### PROMPT:
Output each line of the data below exactly, omitting any image.

(Source records)

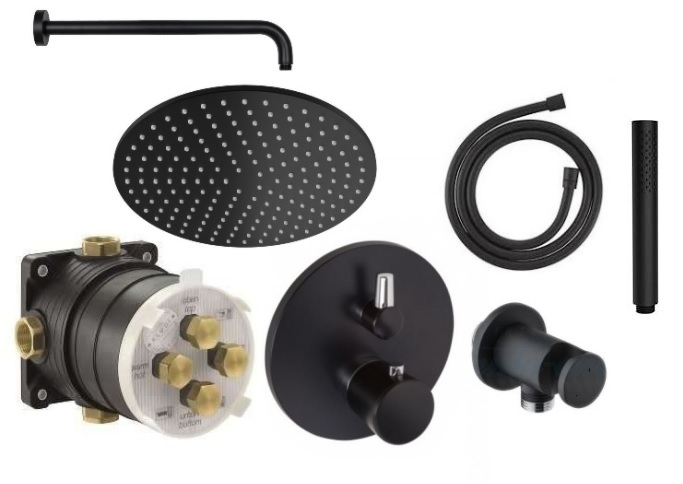 Mamy w ofercie kompletny podtynkowy zestaw Kludi Balance z baterią termostatyczną w wersji czarny mat. Zestaw składa się z podstawowych elementów firmy Kludi tj. element podtynkowy 88011 oraz podtynkowy termostat Balance 528303975 ( czarny mat ). Pozostałe elementy z kolei sa to produkty włoskich firm takich jak Sphera, Bossini czy też Paffoni jako iż skompletowanie jednorodnego zestawu składającego się tylko i wyłącznie z produktów Kludi jest niemożliwe. Tak więc deszczownica ( mosiężna 300mm ) wąż, słuchawka i przyłącze kątowe będa włoskich firm.
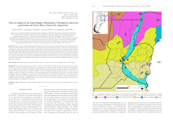 Pavé, R., M. A. Cristaldi, M. E. Rodríguez, R. M. Barquez, A. I. Gavazza & A. R. Giraudo. 2017. Nuevos registros de murciélagos para la provincia de Santa Fe, Argentina. Mastozoologia Neotropical 24: 153-162.
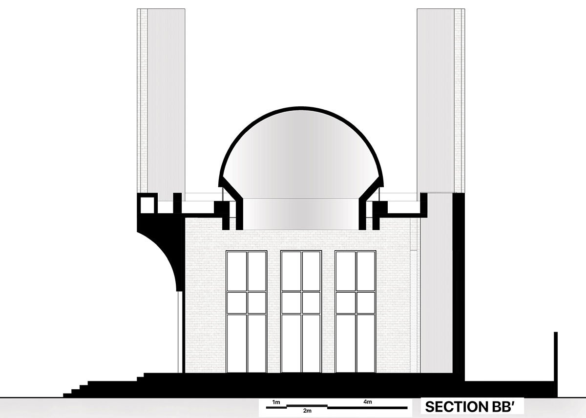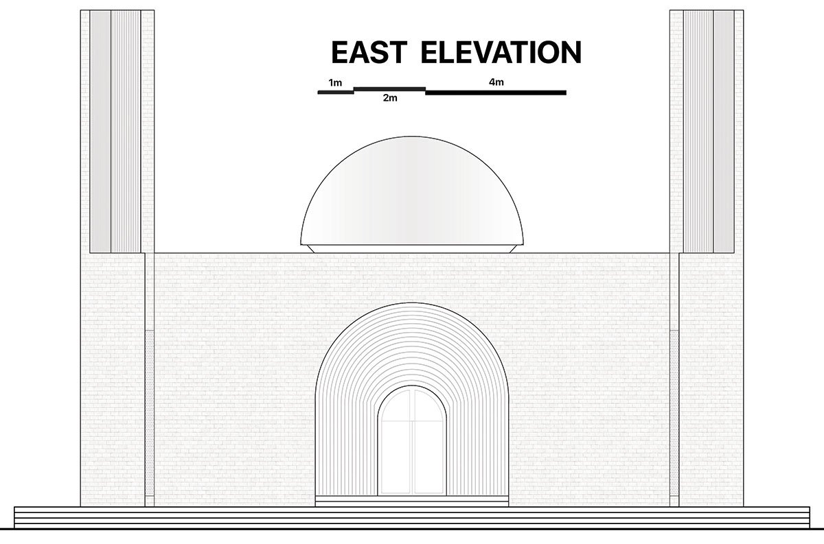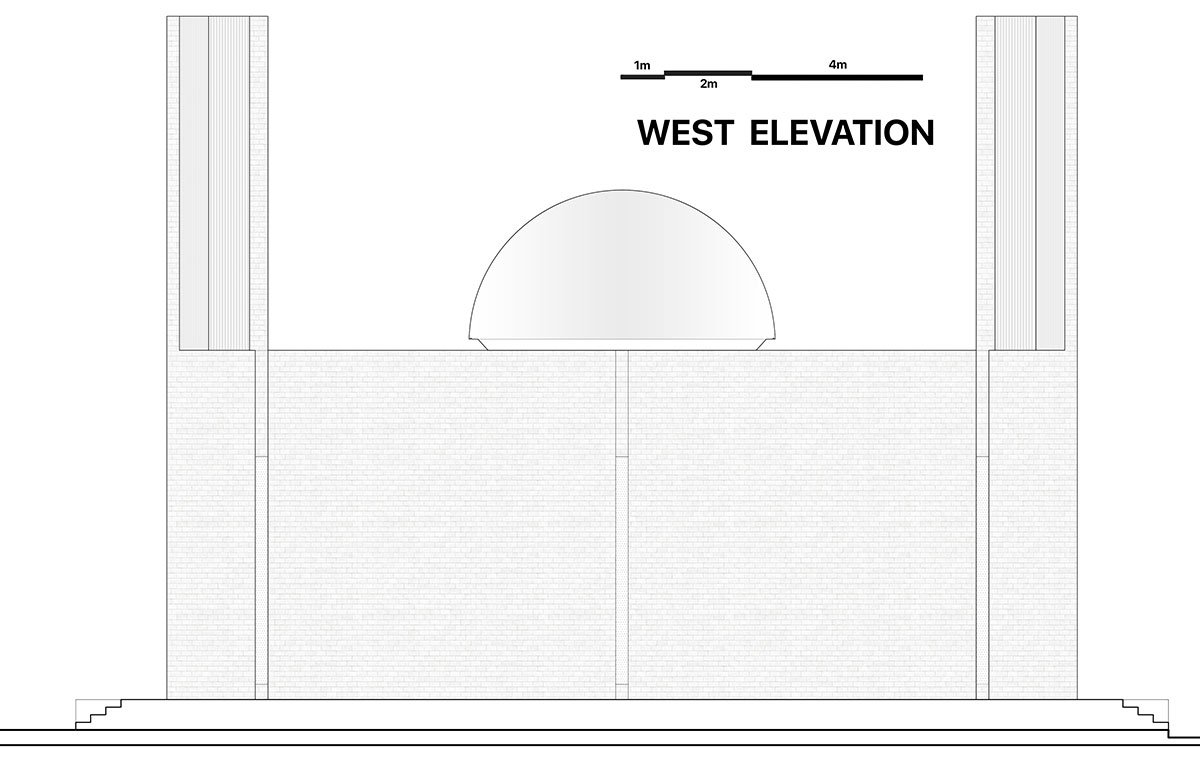 The dome here is a floating dome, allowing daylight through the interior, giving an experience of the vastness of the sky. The minarets are carved as sculptural elements soaring towards the sky. The entrance of the mosque is translated from a typical arch to a volumetric arch making it more inviting.
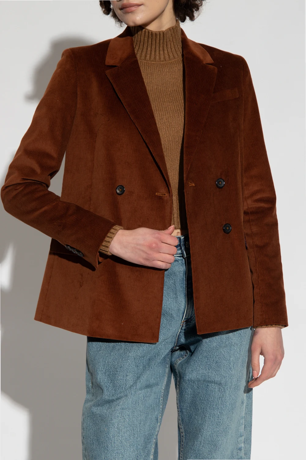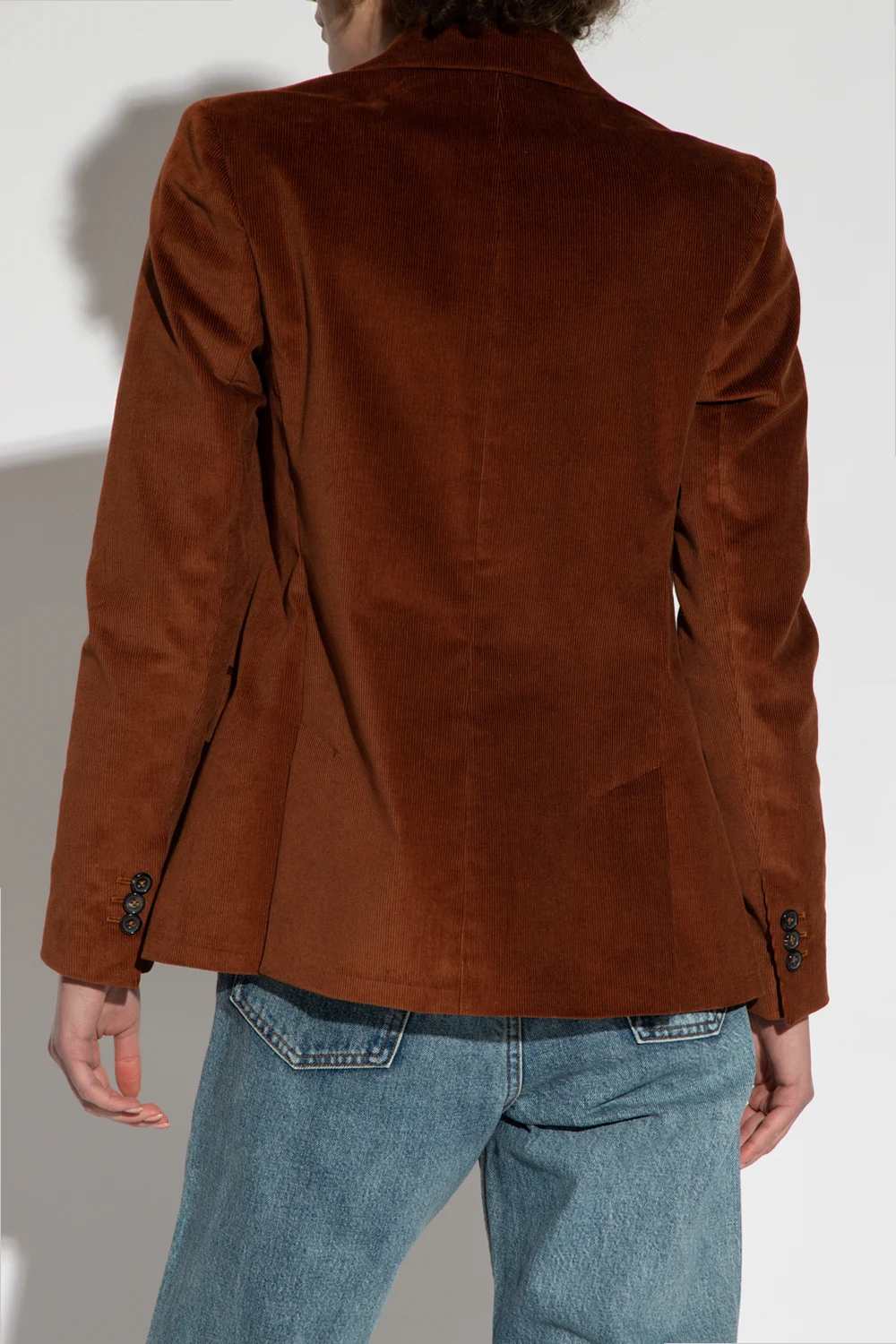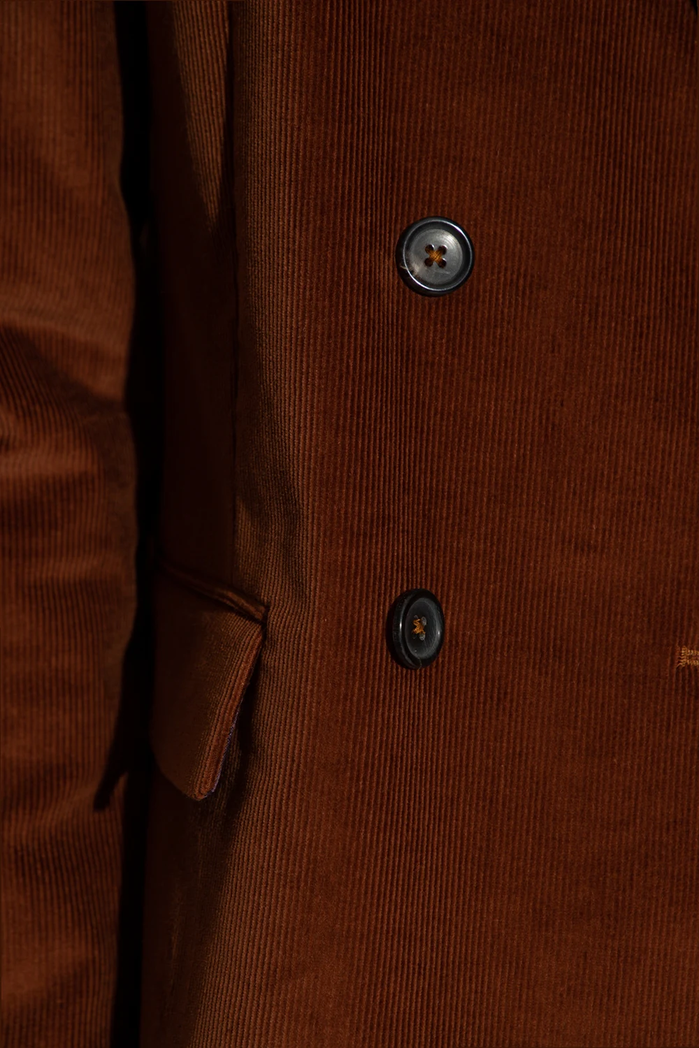 Brown corduroy jacket from PS Paul Smith. Made of cotton with a double-breasted silhouette, this style features button closures, notch lapels, three frontal pockets – two flapped ones, long sleeves and a double back vent.
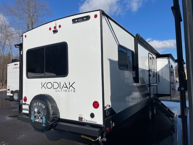 Each Kodiak Ultimate travel trailer by Dutchmen is constructed with a laminated crowned roof, a gel coat high gloss fiberglass exterior, and diamond plate front rock guard to protect your RV from rock and debris on the way to the campground. The hybrid aluminum entry steps are not only dependably, but they collapse and expand quickly so you can get on the road in no-time! These models feature HyperDeck flooring that includes fiberglass reinforced polypropolene and a fully enclosed underbelly, and the Bear Cave storage allows you to bring along all of your hiking and fishing gear. Some of the other interior features you are sure to love are the bath skylight, the living room fireplace, night shades throughout, and more. Your next adventure starts with a Kodiak Ultimate travel trailer!
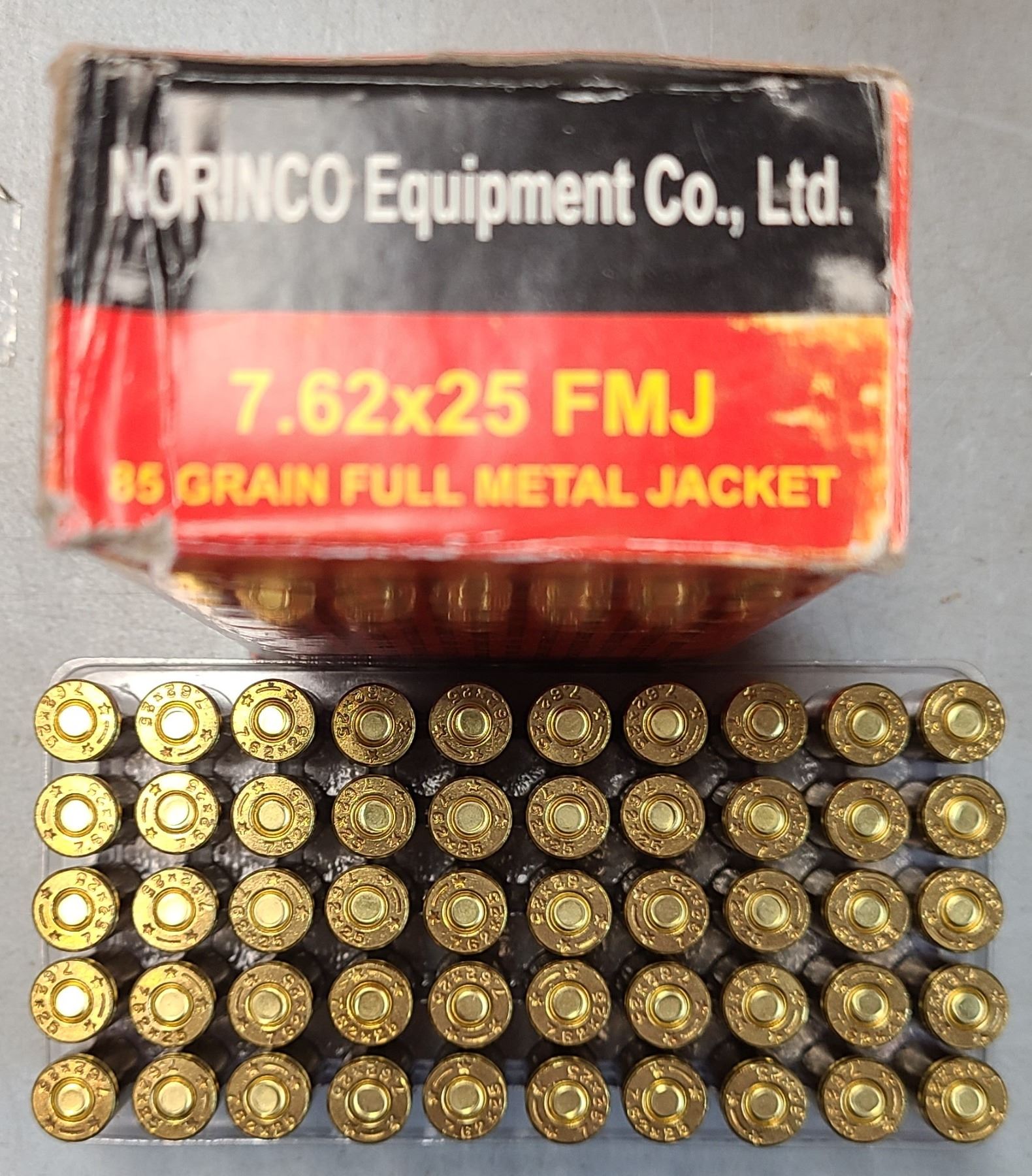 7.62 x 25 Tokarev Norinco 85 gr Round Nose Handgun Ammo - 50 rds
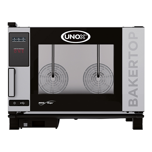 Unox Bakertop Mindmaps One, Hetelucht oven, greep links, de oven heeft een Master Touch bedieningsscherm, hiermee kunnen gerechten handmatig bereid worden, maar het geeft ook toegang tot een lijst met bereidingscycli die eerder zijn opgeslagen of kunnen er nieuwe recepten gemaakt worden, die vervolgens opgeslagen kunnen worden, afstand tussen de roosters is 80cm, Dry.Maxi voor de ideale luchtvochtigheid, Steam.Maxi voor perfect stomen, Air.Maxi voor een perfecte heteluchtcirculatie, automatische reinigingssysteem Rotor.Klean, Auto.Pure-antikalkfilter, wordt geleverd zonder roosters of bakplaten, capaciteit 4x (60x40cm). BakeryNorm. Afmetingen (h)68x86x96 cm (krachtstroom) 400 volt 7400 watt
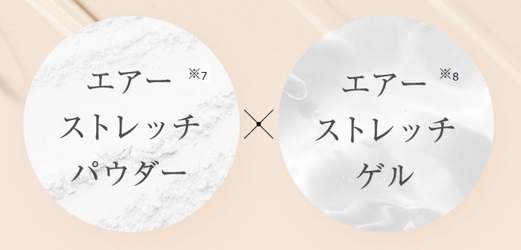 サラサラ感をキープするエアーストレッチパウダー[*7]と薄い高密着の膜をつくるエアーストレッチゲル[*8]を組み合わせた「エアーストレッチフィット処方」で崩れにくいなめらかな肌に仕上げます。
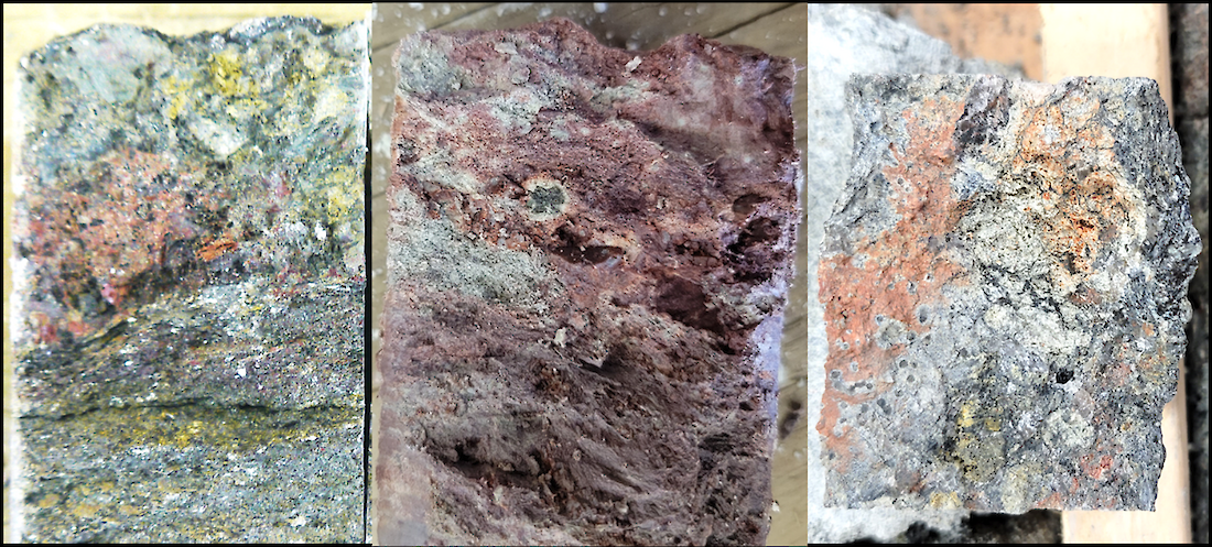 The sixth hole tested a weak gravity anomaly (Mugger) that returned relatively fresh calc-silicates and has been eliminated. The final two holes tested a third gravity anomaly (Stripe), also with an associated EM conductor that intersected a series of faulted units with associated gouges and local alteration. These holes have been heavily sampled and sent for assay.
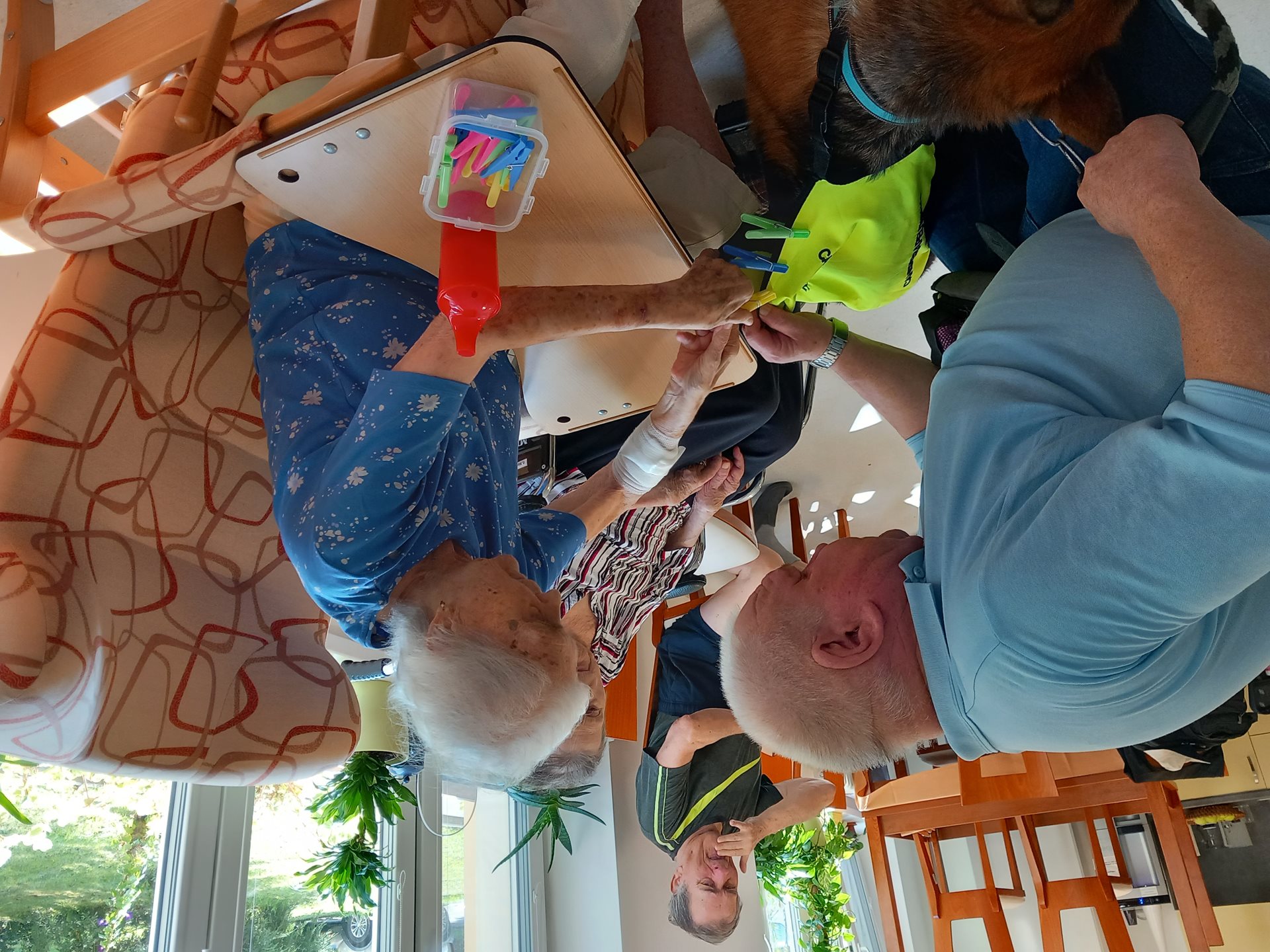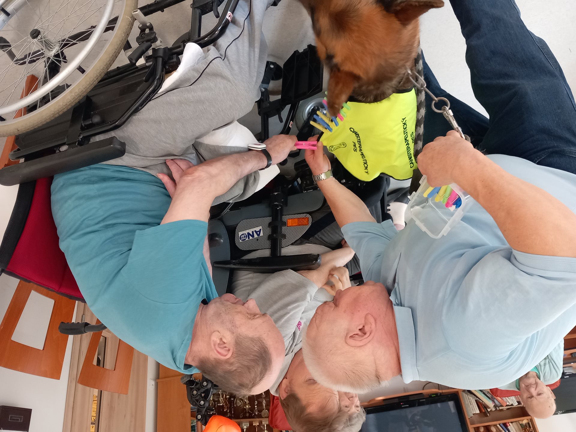 Během dnešní canisterapie uživatelé procvičovali jemnou motoriku, paměť, pozornost. Spolupracovali při řešení úkolů. Během canisterapie panovala příjemná atmosféra. K závěru byla puštěna relaxační hudba.
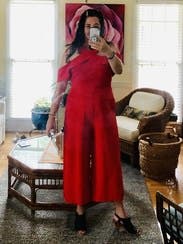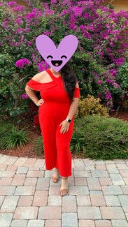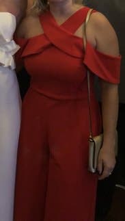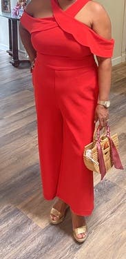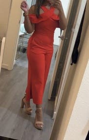 The formal dress I had ordered for a black tie beach wedding sadly didn't make it to me on time. Luckily, I had this beauty on backup from my monthly Update options. I've never worn a jumpsuit before, but this one has made me a believer! It was comfortable (form fitting but not too tight), looked formal enough for the occasion, had pockets, and had fun, flowy side slits in the pant legs. It was perfect to dance in! I'm also not usually a red person (see: sunburn), but I actually loved the color. I got so many compliments-- even from the bride! The only downside was needing some help unzipping/ re-zipping for the restroom. I LOVED this jumpsuit and would definitely rent again!

### RESULT OF THIS TASK:
 Mamy w ofercie kompletny podtynkowy zestaw Kludi Balance z baterią termostatyczną w wersji czarny mat. Zestaw składa się z podstawowych elementów firmy Kludi tj. element podtynkowy 88011 oraz podtynkowy termostat Balance 528303975 ( czarny mat ). Pozostałe elementy z kolei sa to produkty włoskich firm takich jak Sphera, Bossini czy też Paffoni jako iż skompletowanie jednorodnego zestawu składającego się tylko i wyłącznie z produktów Kludi jest niemożliwe. Tak więc deszczownica ( mosiężna 300mm ) wąż, słuchawka i przyłącze kątowe będa włoskich firm.
 Pavé, R., M. A. Cristaldi, M. E. Rodríguez, R. M. Barquez, A. I. Gavazza & A. R. Giraudo. 2017. Nuevos registros de murciélagos para la provincia de Santa Fe, Argentina. Mastozoologia Neotropical 24: 153-162.
 The dome here is a floating dome, allowing daylight through the interior, giving an experience of the vastness of the sky. The minarets are carved as sculptural elements soaring towards the sky. The entrance of the mosque is translated from a typical arch to a volumetric arch making it more inviting.
 Brown corduroy jacket from PS Paul Smith. Made of cotton with a double-breasted silhouette, this style features button closures, notch lapels, three frontal pockets – two flapped ones, long sleeves and a double back vent.
 Each Kodiak Ultimate travel trailer by Dutchmen is constructed with a laminated crowned roof, a gel coat high gloss fiberglass exterior, and diamond plate front rock guard to protect your RV from rock and debris on the way to the campground. The hybrid aluminum entry steps are not only dependably, but they collapse and expand quickly so you can get on the road in no-time! These models feature HyperDeck flooring that includes fiberglass reinforced polypropolene and a fully enclosed underbelly, and the Bear Cave storage allows you to bring along all of your hiking and fishing gear. Some of the other interior features you are sure to love are the bath skylight, the living room fireplace, night shades throughout, and more. Your next adventure starts with a Kodiak Ultimate travel trailer!
 7.62 x 25 Tokarev Norinco 85 gr Round Nose Handgun Ammo - 50 rds
 Unox Bakertop Mindmaps One, Hetelucht oven, greep links, de oven heeft een Master Touch bedieningsscherm, hiermee kunnen gerechten handmatig bereid worden, maar het geeft ook toegang tot een lijst met bereidingscycli die eerder zijn opgeslagen of kunnen er nieuwe recepten gemaakt worden, die vervolgens opgeslagen kunnen worden, afstand tussen de roosters is 80cm, Dry.Maxi voor de ideale luchtvochtigheid, Steam.Maxi voor perfect stomen, Air.Maxi voor een perfecte heteluchtcirculatie, automatische reinigingssysteem Rotor.Klean, Auto.Pure-antikalkfilter, wordt geleverd zonder roosters of bakplaten, capaciteit 4x (60x40cm). BakeryNorm. Afmetingen (h)68x86x96 cm (krachtstroom) 400 volt 7400 watt
 サラサラ感をキープするエアーストレッチパウダー[*7]と薄い高密着の膜をつくるエアーストレッチゲル[*8]を組み合わせた「エアーストレッチフィット処方」で崩れにくいなめらかな肌に仕上げます。
 The sixth hole tested a weak gravity anomaly (Mugger) that returned relatively fresh calc-silicates and has been eliminated. The final two holes tested a third gravity anomaly (Stripe), also with an associated EM conductor that intersected a series of faulted units with associated gouges and local alteration. These holes have been heavily sampled and sent for assay.
 Během dnešní canisterapie uživatelé procvičovali jemnou motoriku, paměť, pozornost. Spolupracovali při řešení úkolů. Během canisterapie panovala příjemná atmosféra. K závěru byla puštěna relaxační hudba.
 The formal dress I had ordered for a black tie beach wedding sadly didn't make it to me on time. Luckily, I had this beauty on backup from my monthly Update options. I've never worn a jumpsuit before, but this one has made me a believer! It was comfortable (form fitting but not too tight), looked formal enough for the occasion, had pockets, and had fun, flowy side slits in the pant legs. It was perfect to dance in! I'm also not usually a red person (see: sunburn), but I actually loved the color. I got so many compliments-- even from the bride! The only downside was needing some help unzipping/ re-zipping for the restroom. I LOVED this jumpsuit and would definitely rent again!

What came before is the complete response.